Bridging the gap: Kubernetes on VMware Cloud Director

by Xavier Avrillier on Oct 6, 2023

Bridging the gap: Kubernetes on VMware Cloud Director image thumbnail

While the general trend of the last decade has been to move workloads to the cloud, along with major companies jumping on the bandwagon to offer their own managed services, the industry isn’t ready to relegate on-premises infrastructure to the closet just yet.

Many organizations keep running their own Software-Defined Datacentre (SDDC) and will do so for the foreseeable future for reasons such as sovereignty, low latency prerequisites, data privacy, or simply cloud providers selling IaaS capacity on VMware Cloud Director. On top of that, companies that already have solid investments in their on-premise SDDC with the right professionals to run it aren’t going to start over for the sake of moving to the cloud.

With that said, running an on-premises infrastructure isn’t a walk in the park, and Kubernetes is a whole different beast introduced to the zoo. It shouldn’t mean these customers can’t adopt the cloud native ecosystem without losing their sanity and this is where Giant Swarm jumps in by offering Kubernetes on VMware Cloud Director!

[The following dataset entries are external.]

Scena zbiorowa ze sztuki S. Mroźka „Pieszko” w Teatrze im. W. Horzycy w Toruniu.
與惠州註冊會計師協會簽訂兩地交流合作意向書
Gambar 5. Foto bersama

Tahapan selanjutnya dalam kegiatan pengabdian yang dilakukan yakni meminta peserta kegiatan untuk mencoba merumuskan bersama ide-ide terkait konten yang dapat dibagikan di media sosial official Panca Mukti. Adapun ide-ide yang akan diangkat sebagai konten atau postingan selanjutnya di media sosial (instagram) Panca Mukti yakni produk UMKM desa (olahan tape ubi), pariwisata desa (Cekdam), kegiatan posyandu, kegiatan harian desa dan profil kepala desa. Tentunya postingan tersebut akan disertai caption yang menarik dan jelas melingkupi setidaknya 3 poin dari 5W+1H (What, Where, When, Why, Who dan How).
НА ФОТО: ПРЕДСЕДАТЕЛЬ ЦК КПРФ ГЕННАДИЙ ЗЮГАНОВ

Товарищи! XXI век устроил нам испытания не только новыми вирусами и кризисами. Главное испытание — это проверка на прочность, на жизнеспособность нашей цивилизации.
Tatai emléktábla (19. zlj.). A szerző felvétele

271318433-28dd6666-1405-427d-969b-de472725e64b

Positioning VMware Cloud Director within the cloud native landscape

Let’s first take a look at today’s star of the show and how we got to writing this piece.

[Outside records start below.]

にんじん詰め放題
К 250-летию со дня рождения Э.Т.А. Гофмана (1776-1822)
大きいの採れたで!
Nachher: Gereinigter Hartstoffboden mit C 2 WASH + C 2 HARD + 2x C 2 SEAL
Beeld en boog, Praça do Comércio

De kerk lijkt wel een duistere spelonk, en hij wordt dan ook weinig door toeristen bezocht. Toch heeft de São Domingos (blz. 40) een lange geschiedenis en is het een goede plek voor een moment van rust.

VMware Cloud Director (VCD) is a cloud provider solution (much like OpenStack) built on VMware’s SDDC stack, featuring components such as VSAN for storage, NSX-T for networking, NSX ALB for load balancing, and of course, vSphere ESXi for compute. VCD is essentially a management layer added on top of these bricks, to allow organizations to sell resources to internal and external customers in various fashions such as Pay-As-You-Go or Reserved…

On top of these, VMware offers Kubernetes on VMware Cloud Director with Tanzu and the Container Storage Extension (CSE) plugin for VCD. However, we found that customers exploring this route face the same challenges as those looking at managed Kubernetes offerings from major hyperscalers:

  • Difficulty in finding talent to manage the platform.
  • Potential misalignment within the existing environment and intricate integration.
  • Limited or only expensive enterprise support.
  • A shift towards greater time investment in platform management and less time delivering features.
  • Substantial costs associated with staying on top of security concerns, update cycle, and incident response.
  • Navigating the difficulties associated with on-call rotations.

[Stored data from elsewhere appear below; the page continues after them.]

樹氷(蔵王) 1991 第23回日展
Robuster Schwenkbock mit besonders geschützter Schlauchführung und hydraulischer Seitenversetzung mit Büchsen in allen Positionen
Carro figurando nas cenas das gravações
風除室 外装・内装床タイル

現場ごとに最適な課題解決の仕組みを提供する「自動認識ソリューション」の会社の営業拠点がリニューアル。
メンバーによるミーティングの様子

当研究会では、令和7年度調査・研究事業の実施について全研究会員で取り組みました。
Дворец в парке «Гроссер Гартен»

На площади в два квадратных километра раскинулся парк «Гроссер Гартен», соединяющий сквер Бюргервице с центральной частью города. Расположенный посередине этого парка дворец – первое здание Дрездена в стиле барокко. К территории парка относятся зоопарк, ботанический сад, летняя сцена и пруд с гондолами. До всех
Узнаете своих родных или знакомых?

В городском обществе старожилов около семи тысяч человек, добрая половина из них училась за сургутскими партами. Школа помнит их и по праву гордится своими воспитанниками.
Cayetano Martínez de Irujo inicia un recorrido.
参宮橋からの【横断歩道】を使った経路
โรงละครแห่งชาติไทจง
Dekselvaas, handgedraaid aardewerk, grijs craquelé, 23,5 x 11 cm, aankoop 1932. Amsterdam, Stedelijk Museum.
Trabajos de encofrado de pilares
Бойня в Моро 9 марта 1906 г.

Giant Swarm plugs these holes by offering the option for a full-featured end-to-end managed cloud native platform for Kubernetes on VMware Cloud Director.

 

Giant Swarm and CAPVCD

Cluster API Provider VMware Cloud Director (CAPVCD) is a provider for Cluster API (CAPI) to support deploying Kubernetes on VMware Cloud Director. This upstream Open Source project was initiated by VMware in mid-2021 in an effort to upgrade their CSE plugin in the future. Back then, the GitHub repo had only a dozen commits but the core features were there.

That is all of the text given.